Low Inventory Keeping Prices Artificially High

April 2023 Update:

The story this month is still the lack of sales compared to the same time last year. Sales volume is down about 35%-40% from what it was.  This is not a surprise, as this time last year interest rates were significantly lower and the public was racing to buy before they skyrocketed up.  Demand still remains decent, but buyers have more leverage and we are not seeing 10+ offers on a home like we did a year ago.  Prices are down from the peak, but if they were down about 10% city wide at the end of 2022, that depreciation is shrinking and they are only down about 5-7%  We see this as a good time to buy before inventory shrinks more throughout the summer and that limited inventory causes prices to artificially rise.  

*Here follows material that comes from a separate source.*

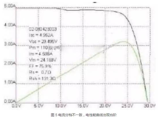 組件中電池片功率、電流分檔不一致,組件實際輸出功率與組件理論功率差異過大。分檔不一致會造成組件電性能測試曲線異常,引起熱斑效應,長時間使用會大幅降低組件功率。

Every year, by at least March, we hope to see inventory rise after a high number of new listings come to market, which easily accommodates the increase in sales we also tend to see in the first half of the year.  Although, while a greater number of listings are not selling, the number of new listings declined each month in the first quarter of 2023.  Typically, inventory grows in the first half of the year, peaking in June or July. We don’t expect the inventory growth in the second quarter to make up for the decline in the first quarter, keeping the supply of homes and, in turn, total sales lower for the rest of the year.  If active listings drop further in the second quarter, we could easily see home prices move significantly higher into the summer.